We use deep learning to find prefix and suffix feature maps that map to low-dimensional feature spaces (see sections C.3 and C.4 of the Supplemental Methods). Specifically, we use a deep convolutional neural network with residual connections (i.e., a ResNet) to map prefixes and suffixes to 16-dimensional vectors. We chose this architecture as it is commonly used and attains performance comparable to prior work (see the end of this section), and additional details on the model architecture may be found in section C.3 of the Supplemental Methods. The inner product between a prefix and suffix feature vector then gives the predicted log10(R3/R2) enrichment. We will refer to this entire pipeline as a reverse kernel model.
It is possible for the reverse kernel model to appear to perform well even if it fails to capture the nonlinear interactions between the prefix and the suffix positions of a sequence if those interactions are sufficiently negligible. To control for this, we train a pair of ResNets, where one predicts a score on the prefix and one predicts a score on the suffix. The scores are then added to produce the overall prediction. We will refer to this pipeline as the independent model. We use this as a baseline to evaluate how well the reverse kernel model captures the nonlinear interactions.

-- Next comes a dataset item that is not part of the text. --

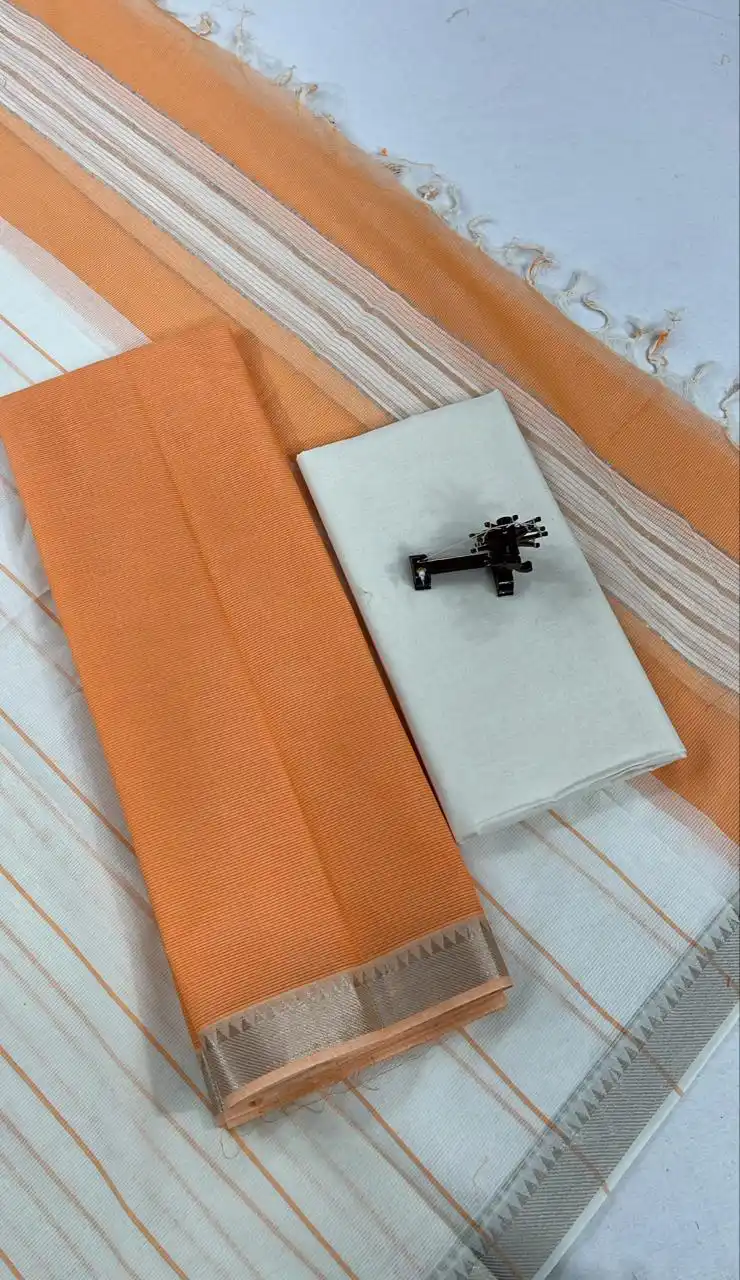 Orange Mangalagiri Handloom Cotton Nizam Zari Border Fabric

Finally, we also trained a ResNet with no restrictions on its functional form, which we will refer to as the unrestricted model. Unlike the reverse kernel model, it is able to share information between the prefix and suffix in any of its layers, which allows it to capture a much richer set of interactions between the prefix and suffix. As a consequence, using the unrestricted model for factorizable library design would be intractable. However, it provides a point of comparison for how much the constraint of expressing the reverse kernel model as an inner product of feature vectors impacts performance. Furthermore, because we expect this model to produce the most accurate approximation of the true underlying sequence landscape, we will use this model to evaluate the libraries we produce.

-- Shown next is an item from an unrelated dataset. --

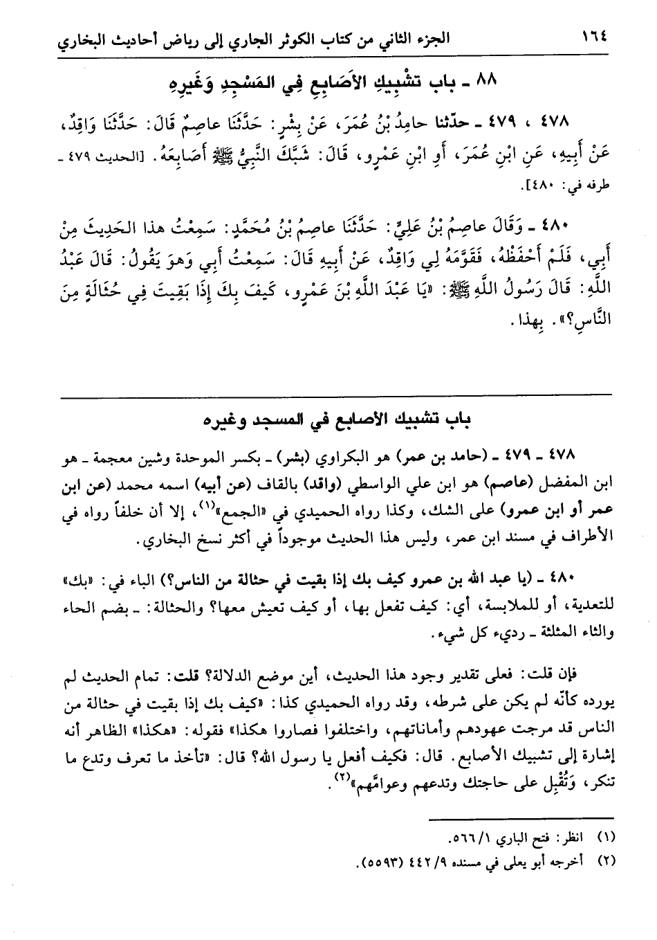 478 و 479 - حَدَّثَنَا حَامِدُ بْنُ عُمَرَ عَنْ بِشْرٍ حَدَّثَنَا عَاصِمٌ حَدَّثَنَا وَاقِدٌ عَنْ أَبِيهِ عَنِ ابْنِ عُمَرَ أَوِ ابْنِ عَمْرٍو شَبَّكَ النَّبِىُّ - صلى الله عليه وسلم - أَصَابِعَهُ. طرفه في 480

We compare the performance of our models by computing the Pearson's r correlation between the predicted and observed log10(R3/R2) enrichment on held out validation sets. The results are presented in Figure 3, where we see that generally the unrestricted model does indeed perform the best (with the one exception of ranibizumab), suggesting that it does provides the best approximation of the sequence landscape. We also see that the reverse kernel model outperforms the independent model, which shows that it is able to combine prefix and suffix properties in a nonlinear way to produce better generalizations. Our reverse kernel models attain Pearson's r values of 0.83, 0.64, 0.63, 0.65, and 0.87 on validation sets for ranibizumab, trastuzumab, omalizumab, etanercept, and BV, respectively, which is comparable to the values that were reported in prior work, which were 0.79, 0.65, and 0.64 for ranibizumab, trastuzumab, and etanercept, respectively (Liu et al. 2020).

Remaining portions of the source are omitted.